Woodson's not the only
person in the organization who appears thoroughly satisfied with winning 37 games and getting blown out 4 times by the Celtics in the first round of the playoffs. In his case, that’s understandable on one level as it was enough to get him a second contract to coach the Hawks. I just wish he wouldn’t talk about it as a successful year so much. It’s discouraging.
It should also be said that Woodson was not responsible for Billy Knight’s player personnel mistakes. Still, there was enough talent on hand last year to win at least 41 games, in my opinion, had the head coach recognized that Josh Childress should have played more than Marvin Williams, Al Horford could commit 6 fouls before being disqualified, Josh Smith should never be allowed, much less encouraged, to shoot a jump shot, and the team was best-suited to an up-tempo offense.
Re-signing Woodson is just a manifestation of the overriding problem: ownership. They’re cheap and they lack ambition and I’m skeptical that either of those faults will disappear when one faction wins complete control of the team.

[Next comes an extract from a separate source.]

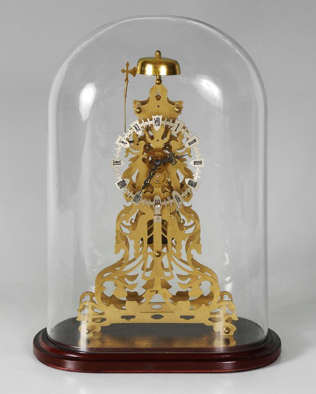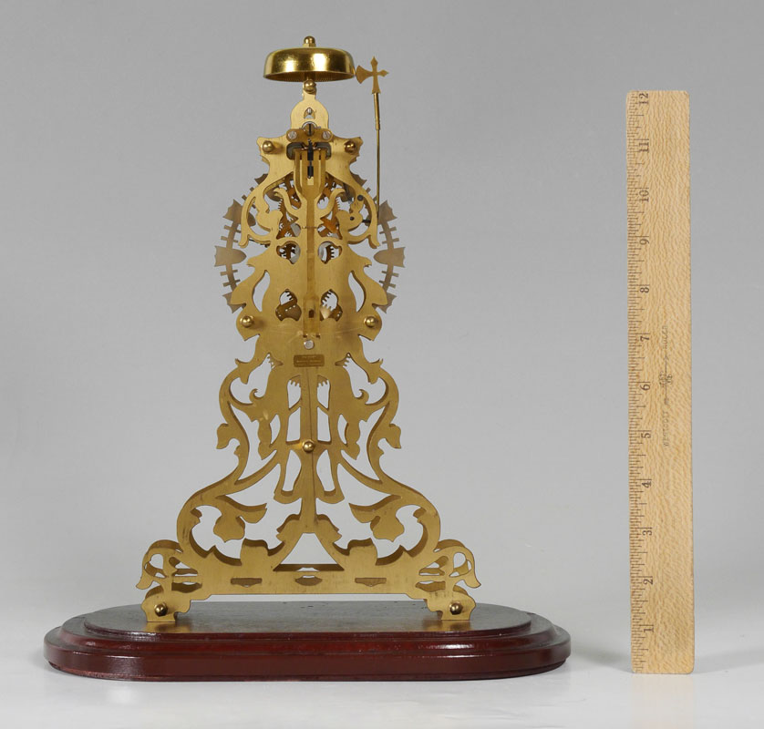 DECKERT GERMAN SKELETON CLOCK: Brass skeleton clock on wood base, marked Deckert, Western Germany, measures overall 13'' h. x 11 1/4'' x 6 1/4''. Sold with the glass dome 14'' h. x 10 1/8'' x 6''.

you know i don't like woodson
but continually describing the boston series as “four blow out losses” is a revisionist look at the series for the sake of hating on woodson. That series, with its fans, the players ability to finish games against the nba championships, the playoff experience, the ability to push the series to seven games when it was suppose to be simply those four blowout losses speaks a lot to the sucess that woodson talks about.
you owe us
19 reasons to be excited about the upcoming season.
p.s. I’d be on board much more if Woodson referred to last season as “progress” which it indisputably was.
I don’t know if it’s entirely revisionist history. It sure was exciting at the time, and of course we all had high hopes going into game 7 that the Hawks wouldn’t come out looking, well, exactly like they did. But the overall series reflected Boston’s domination, even if the Hawks did come out with a fire at home.
The four games that took place in Boston were so uncompetitive as to be barely watchable. I think game 5 was the only one that was remotely interesting, when the Hawks managed to close the deficit at the start of the third quarter, but still managed to lose by 25.
Game seven was so poor that the fact that the Hawks were in the playoffs for the first time in 10 years wasn’t enough to keep me watching through the end of three quarters. I didn’t know the final score until the following morning.